:: Data shown
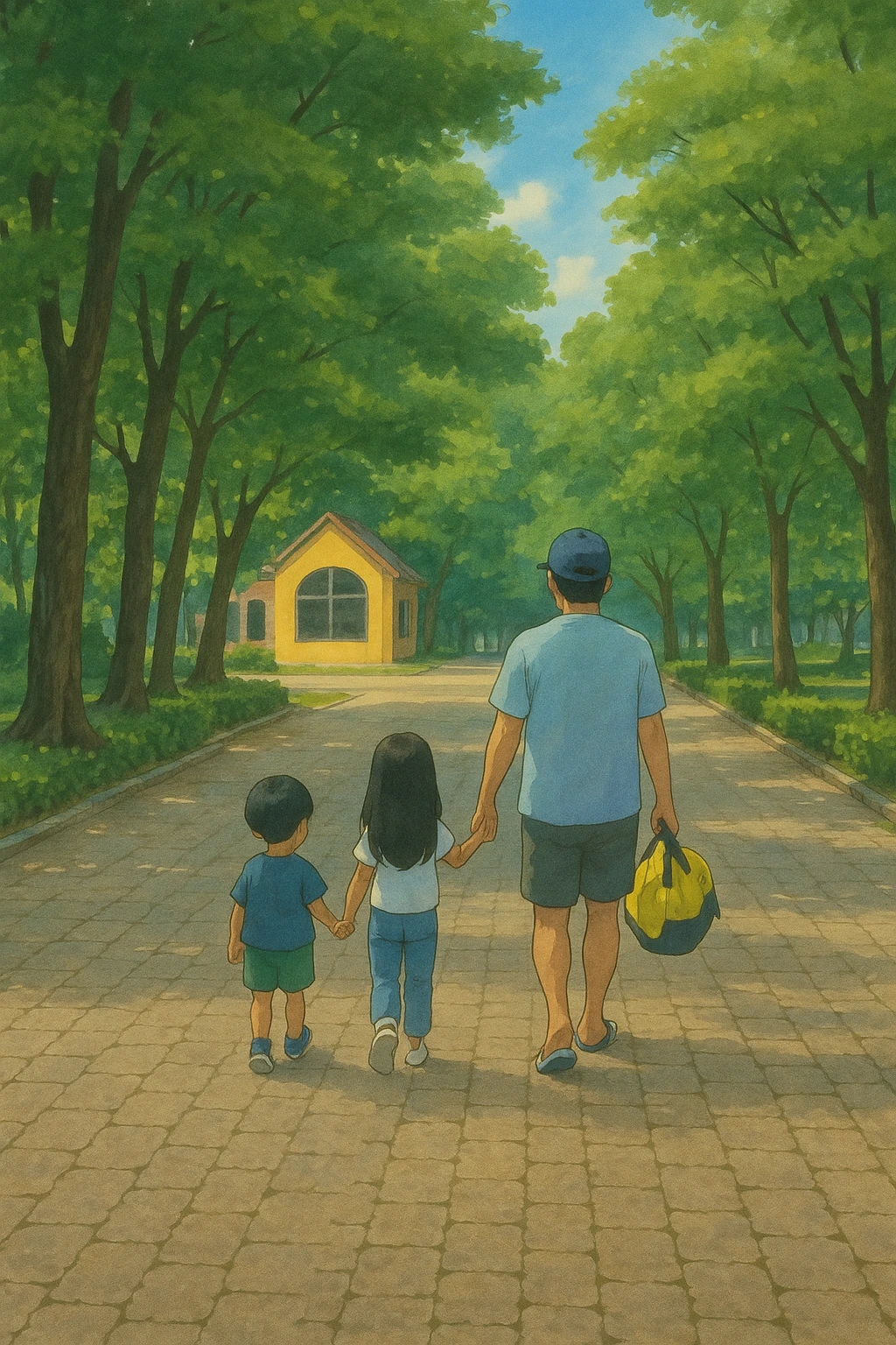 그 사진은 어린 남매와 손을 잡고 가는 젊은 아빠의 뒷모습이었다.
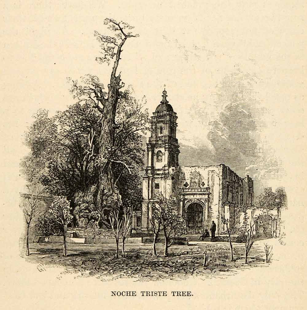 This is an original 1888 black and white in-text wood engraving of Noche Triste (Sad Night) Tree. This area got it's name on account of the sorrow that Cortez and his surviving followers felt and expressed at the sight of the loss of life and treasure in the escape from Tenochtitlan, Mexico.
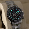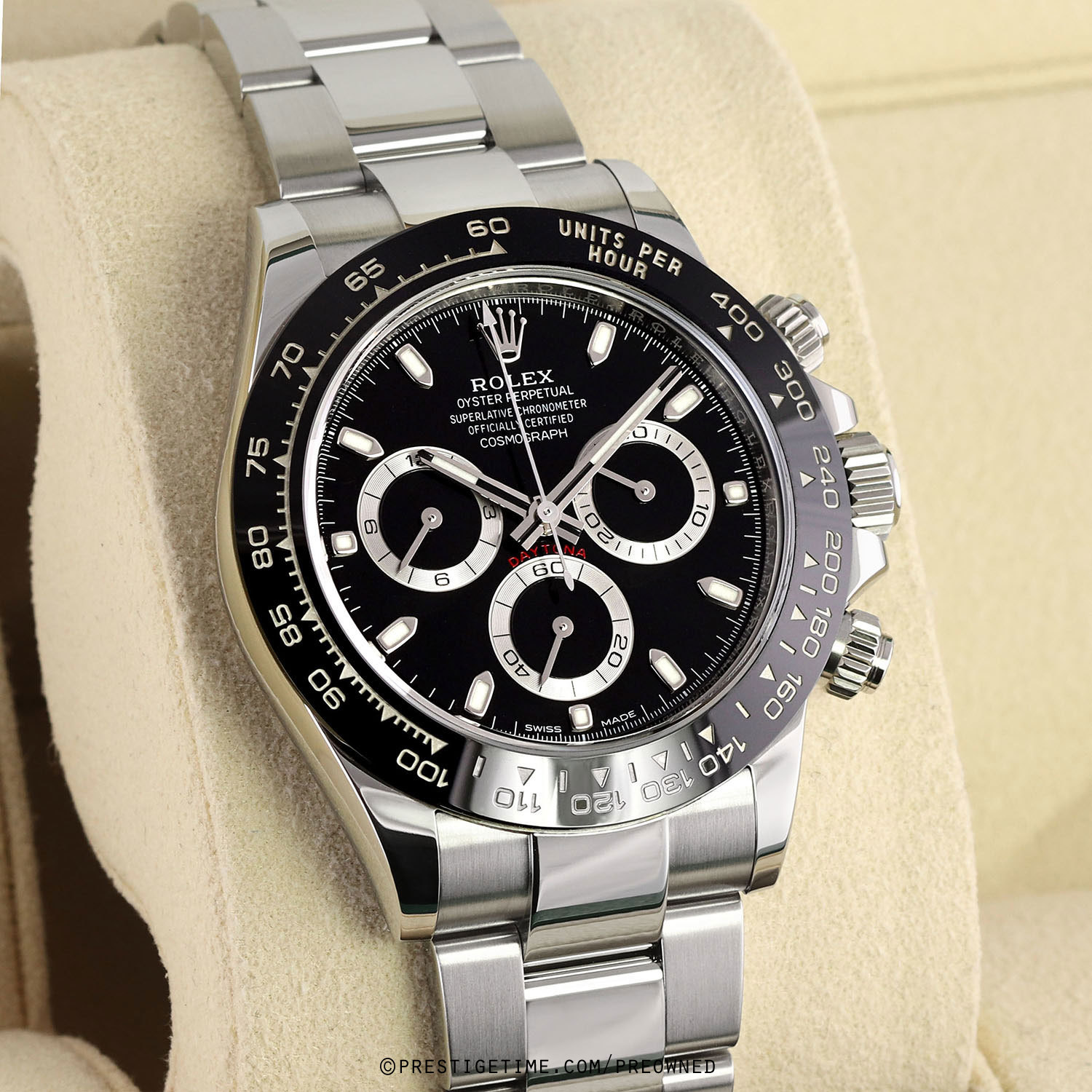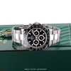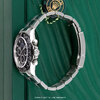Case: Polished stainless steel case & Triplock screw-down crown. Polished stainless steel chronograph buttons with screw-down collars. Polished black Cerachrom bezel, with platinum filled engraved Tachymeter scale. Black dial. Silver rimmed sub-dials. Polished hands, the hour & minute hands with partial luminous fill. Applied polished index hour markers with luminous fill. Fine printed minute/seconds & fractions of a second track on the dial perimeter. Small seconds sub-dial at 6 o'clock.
::::
Restating the data word for word is the task, and pictures are to be omitted.

Problem solution:
 그 사진은 어린 남매와 손을 잡고 가는 젊은 아빠의 뒷모습이었다.
 This is an original 1888 black and white in-text wood engraving of Noche Triste (Sad Night) Tree. This area got it's name on account of the sorrow that Cortez and his surviving followers felt and expressed at the sight of the loss of life and treasure in the escape from Tenochtitlan, Mexico.
Case: Polished stainless steel case & Triplock screw-down crown. Polished stainless steel chronograph buttons with screw-down collars. Polished black Cerachrom bezel, with platinum filled engraved Tachymeter scale. Black dial. Silver rimmed sub-dials. Polished hands, the hour & minute hands with partial luminous fill. Applied polished index hour markers with luminous fill. Fine printed minute/seconds & fractions of a second track on the dial perimeter. Small seconds sub-dial at 6 o'clock.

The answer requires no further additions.